- _REQUIRED ACTION_: Please repeat exactly the lines below from the line with "(1)deviceName : 设备名称" to the line with "华中科技大学贺我校七十华诞", including both, and leave out every picture.

..........

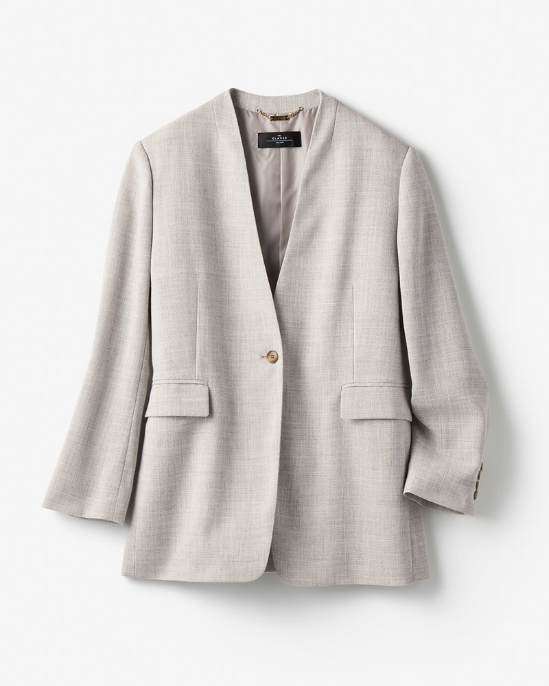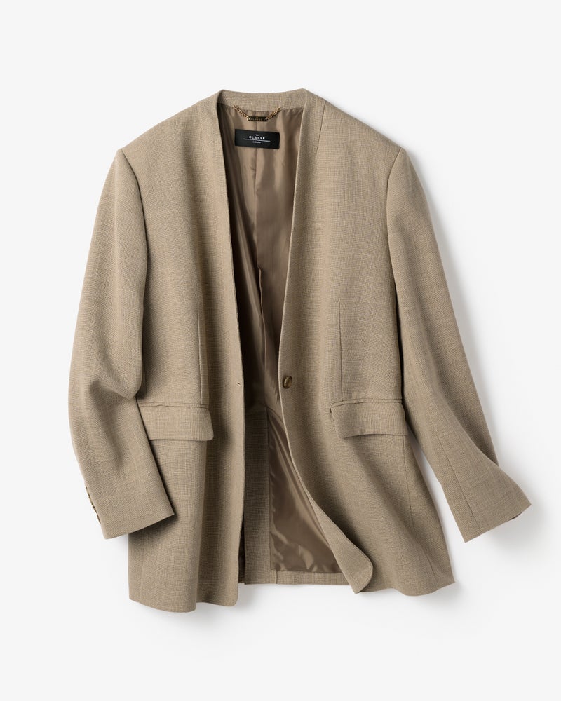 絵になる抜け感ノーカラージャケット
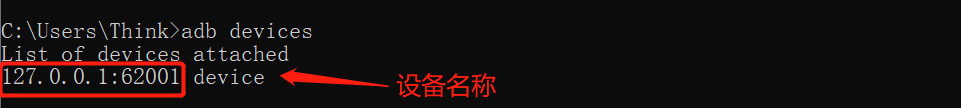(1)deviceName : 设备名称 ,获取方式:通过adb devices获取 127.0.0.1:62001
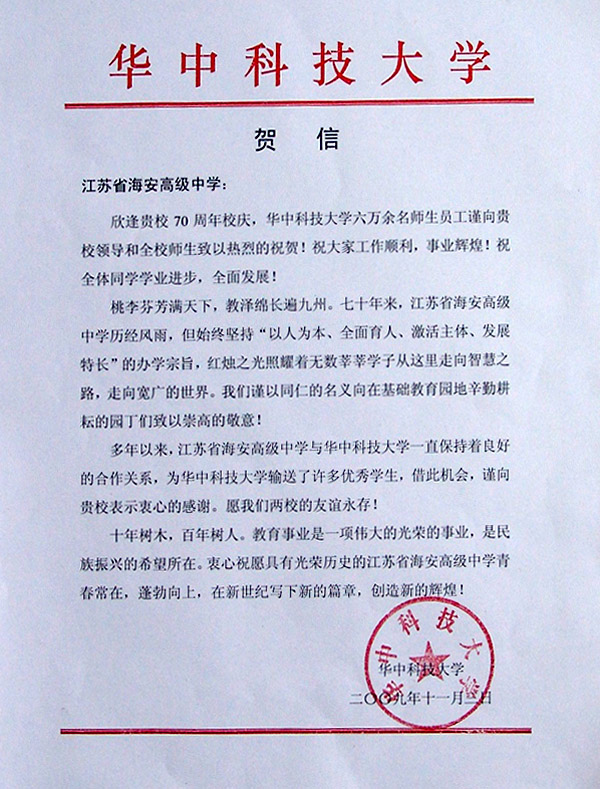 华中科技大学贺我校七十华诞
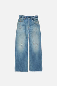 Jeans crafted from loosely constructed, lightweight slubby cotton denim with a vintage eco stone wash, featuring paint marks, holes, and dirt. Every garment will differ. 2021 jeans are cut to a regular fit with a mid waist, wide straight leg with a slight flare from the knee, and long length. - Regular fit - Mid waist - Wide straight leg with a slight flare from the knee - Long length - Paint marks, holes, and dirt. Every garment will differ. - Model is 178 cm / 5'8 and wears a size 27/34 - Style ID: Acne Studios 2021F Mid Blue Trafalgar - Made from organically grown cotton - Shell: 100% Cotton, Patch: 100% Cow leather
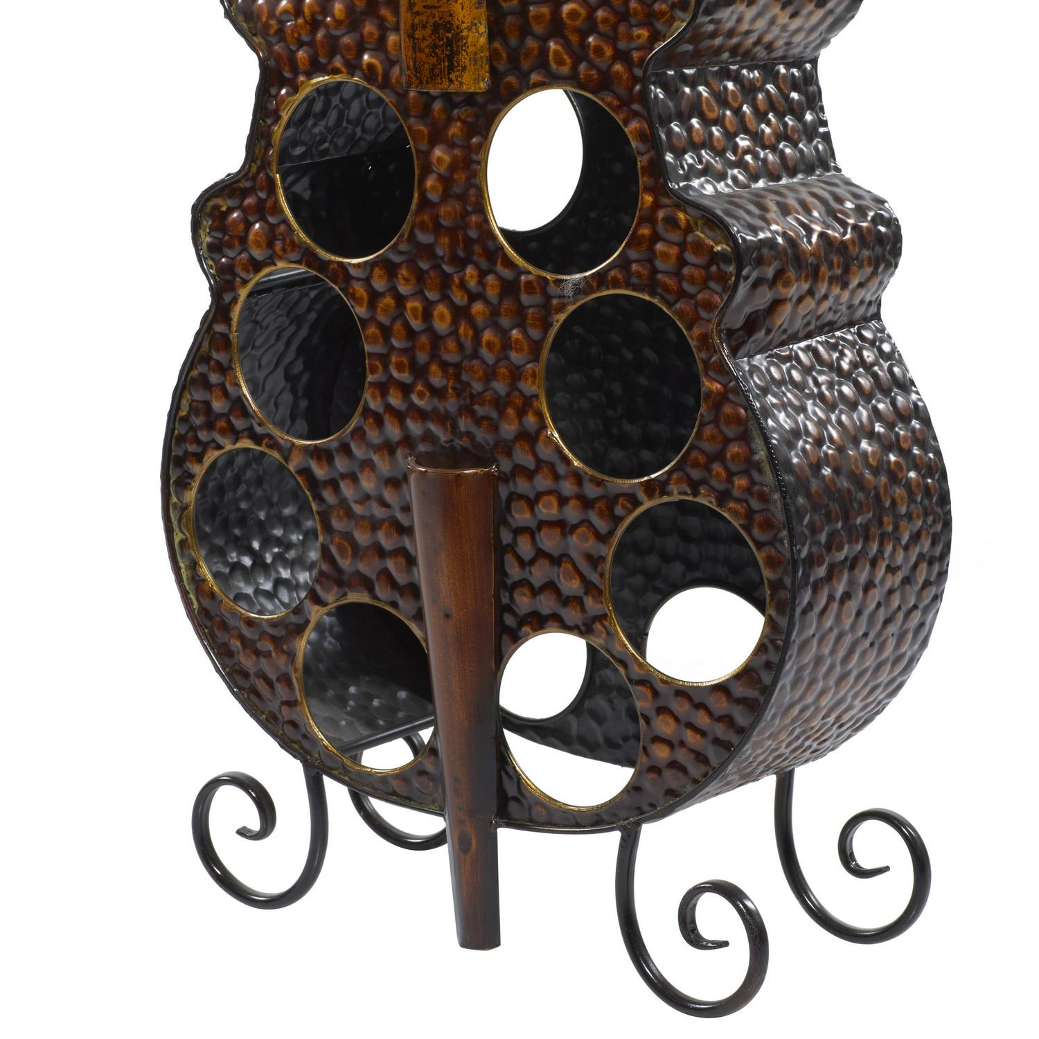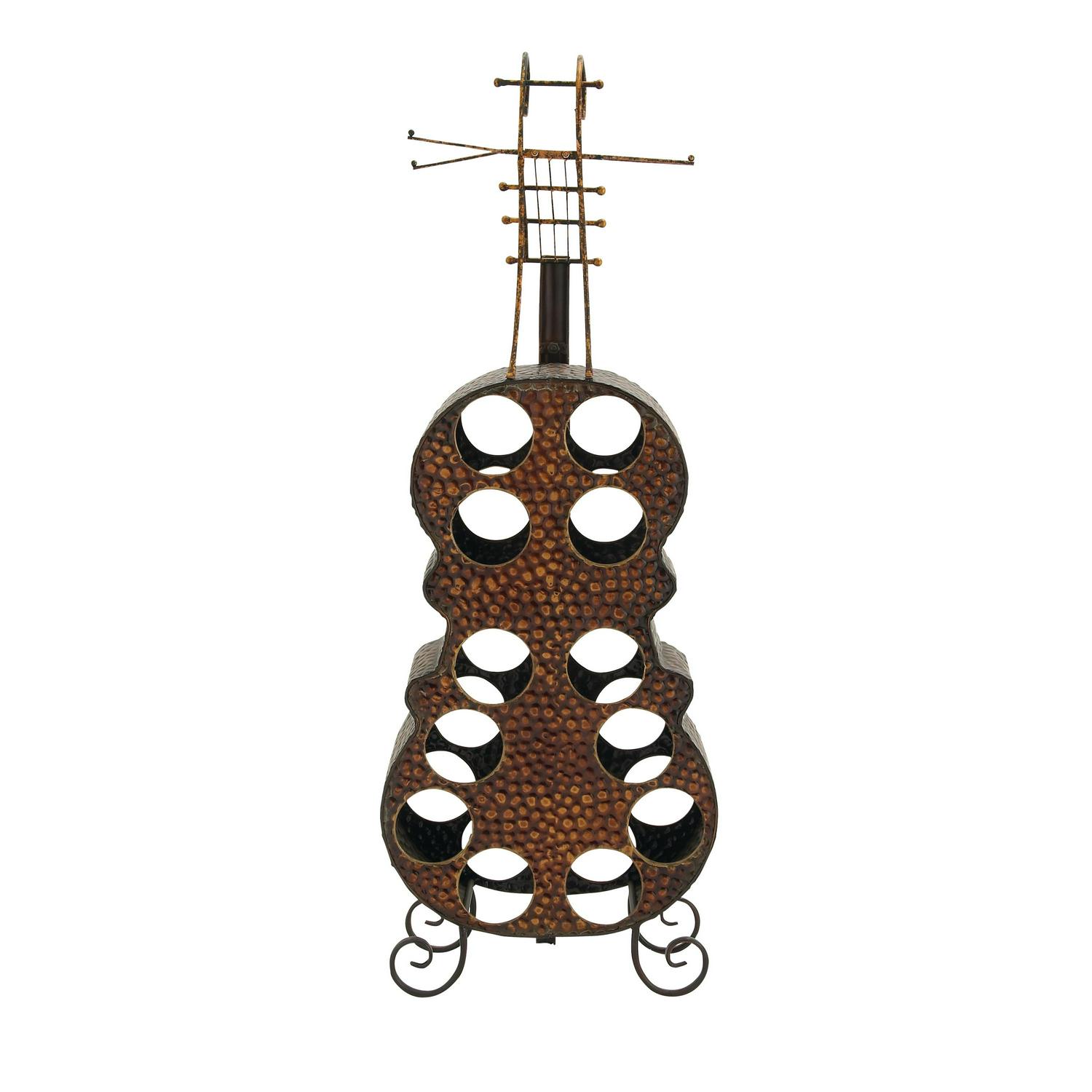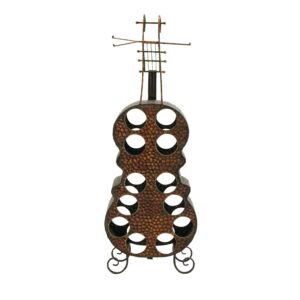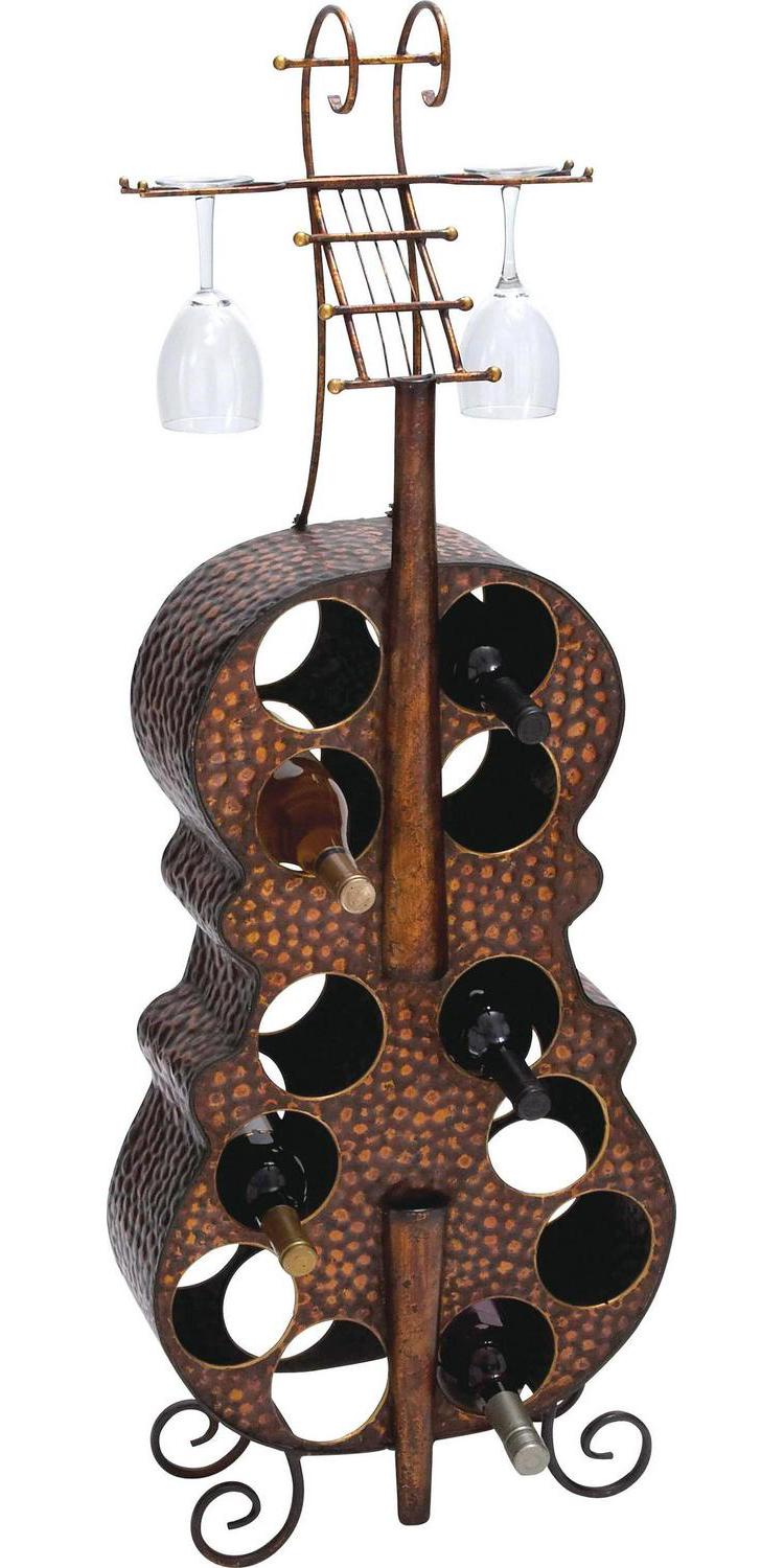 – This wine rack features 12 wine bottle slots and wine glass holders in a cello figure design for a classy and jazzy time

..........

- _EXERCISE RESULT_:
(1)deviceName : 设备名称 ,获取方式:通过adb devices获取 127.0.0.1:62001
 华中科技大学贺我校七十华诞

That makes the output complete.